Maar de Amerikaanse steun voor de wreedheid en voortzetting van de Israëlische oorlog is zo diep en integraal dat de aanvallen van de regering-Biden op het ICC op dit punt wel eens een daad van rationeel zelfbehoud zouden kunnen zijn. Zoals Johnson enkele uren geleden zei: “Als het ICC de Israëlische leiders mag bedreigen, zou het onze de volgende kunnen zijn.”
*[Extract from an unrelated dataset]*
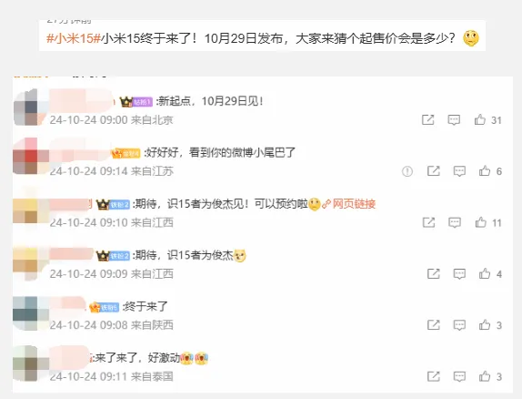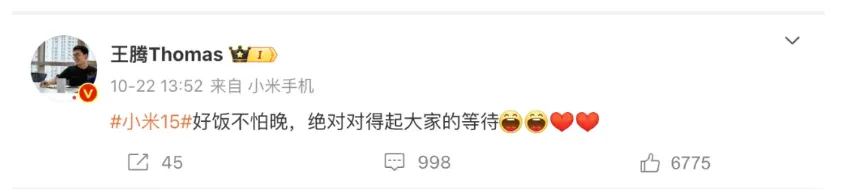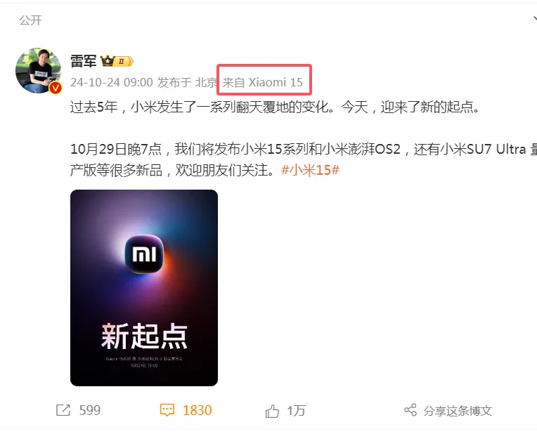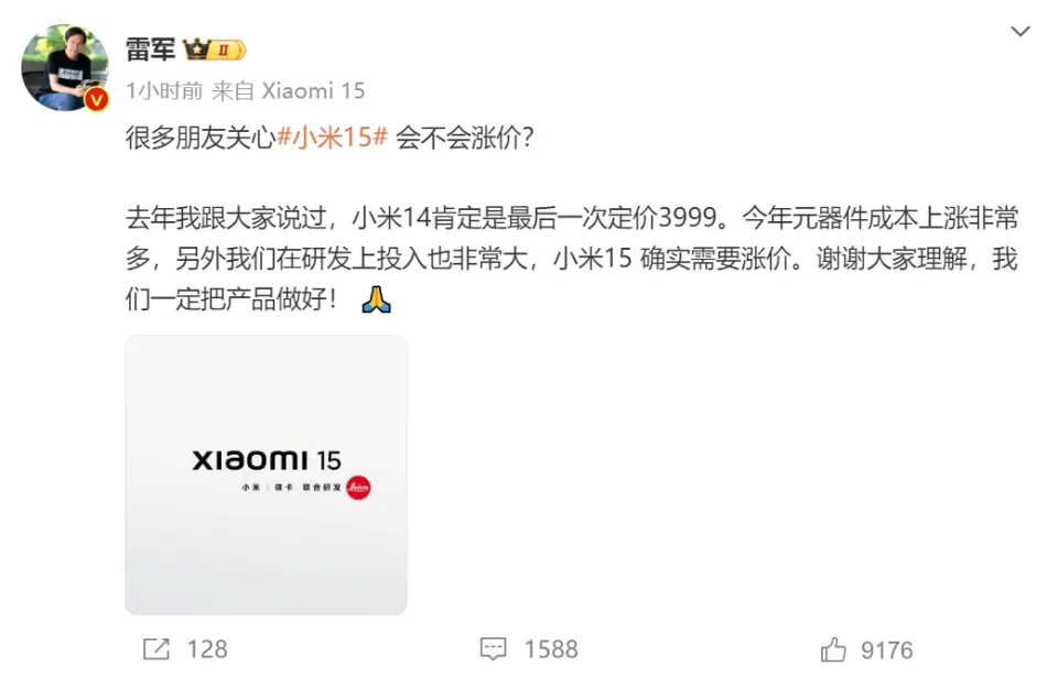 每经编辑:张锦河 10月24日,小米创办人,董事长兼CEO雷军在微博发文:很多朋侪关心小米15会不会涨价?客岁我跟各人说过,小米14肯定是末了一次订价3999。本年元器件成本上涨非常多,别的我们在研发上投入也非常大,小米15确实须要涨价。谢谢各人明确,我们一定把产物做好! 10月24日稍早,雷军发布微博称,已往5年,小米发生了一系列翻天覆地的厘革。本日,迎来了新的出发点。 “10月29日晚7点,我们将发布小米15系列和小米汹涌OS2,另有小米SU7 Ultra量产版等很多新品。”雷军称。 同日,小米团体合资人、总裁卢伟冰也发布微博称,小米15系列、小米汹涌OS2、小米SU7 Ultra量产版将于10月29日晚7点发布,“这是小米新的出发点”。 值得注意的是,二人发布微博的手机型号分别为小米15和小米15 Pro。 10月24日,话题#小米15#冲上热搜。 不少米粉、科技用户表现了对小米15的等待。 近期,小米15多次冲上微博热搜,引发市场广泛关注。作为小米的年度旗舰产物,小米15系列首发搭载了骁龙8至尊版处置惩罚器。小米团体总裁卢伟冰曾表现,新旗舰平台再共同全新汹涌OS全面优化,小米15系列在性能大将实现超过式提拔。 小米公司王腾此前曾在外交媒体上表现:“好饭不怕晚,小米15绝对对得起各人的等待。” 8月21日,小米团体最新财报显示,2024年上半年公司实现营收1643.95亿元,同比增长29.6%,经调解净利润为126.66亿元,同比增长51.3%。 逐日经济消息综合自雷军微博、公开资料 免责声明:本文内容与数据仅供参考,不构成投资发起,利用前请核实。据此利用,风险自担。 |
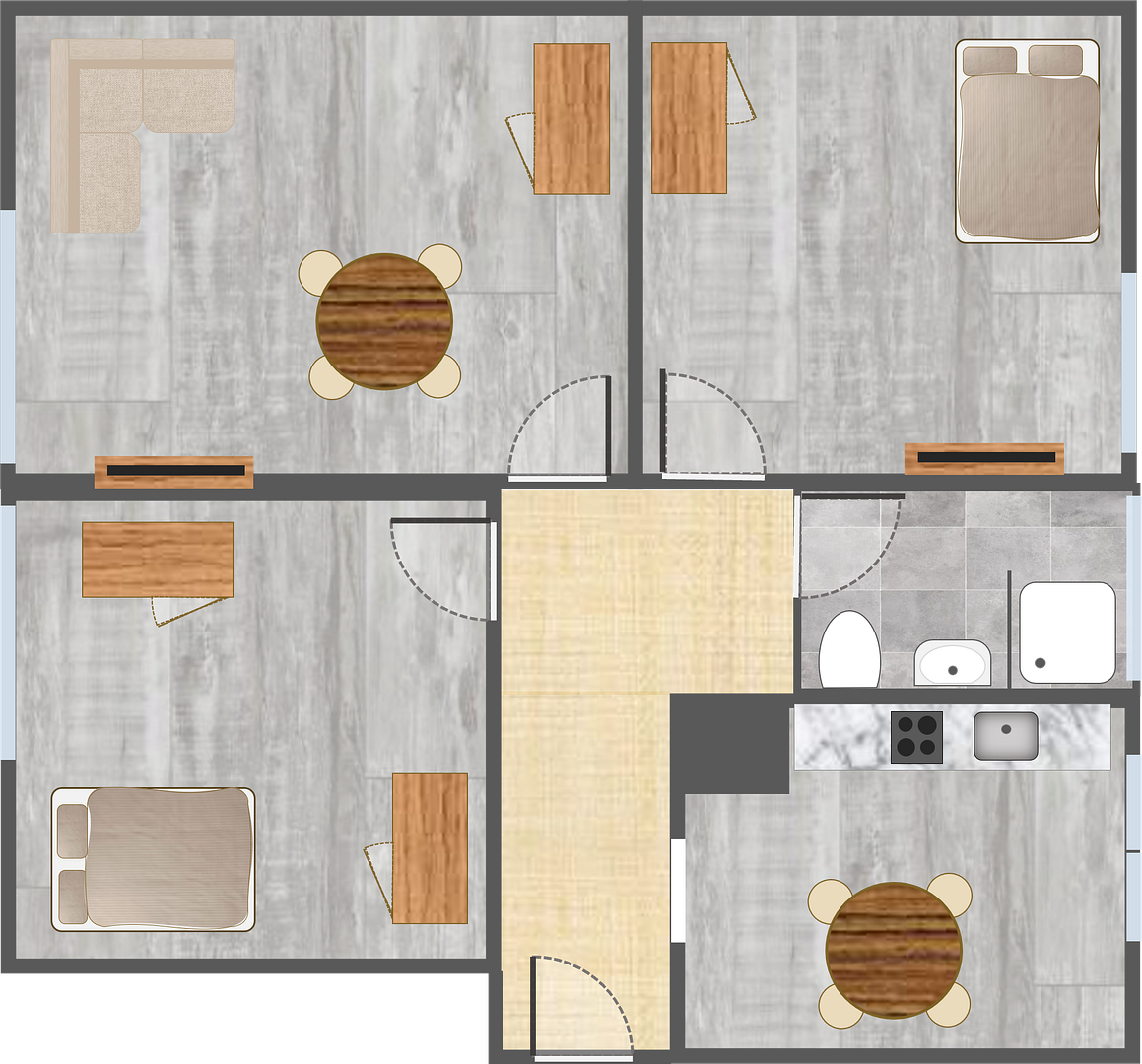 Bestehend aus 3 etwa gleich großen Zimmern mit ca. 15qm + separater Küche + Badezimmer.

Een consistent patroon in deze oorlog is dat hoe langer de oorlog voortduurt, de juridische en politieke gevaren voor Biden en de Verenigde Staten zich niet alleen hebben opgestapeld, maar ook steeds ernstiger zijn geworden. Netanyahu zei ooit dat zelfs Den Haag “ons niet zal tegenhouden” om de verschrikkelijke oorlog van Israël voort te zetten. We staan ​​op het punt uit te vinden hoe ver hij en zijn weldoeners in Washington zullen gaan om te bewijzen dat dit waar is – en tot welke diepte ze de Verenigde Staten als resultaat daarvan willen meesleuren.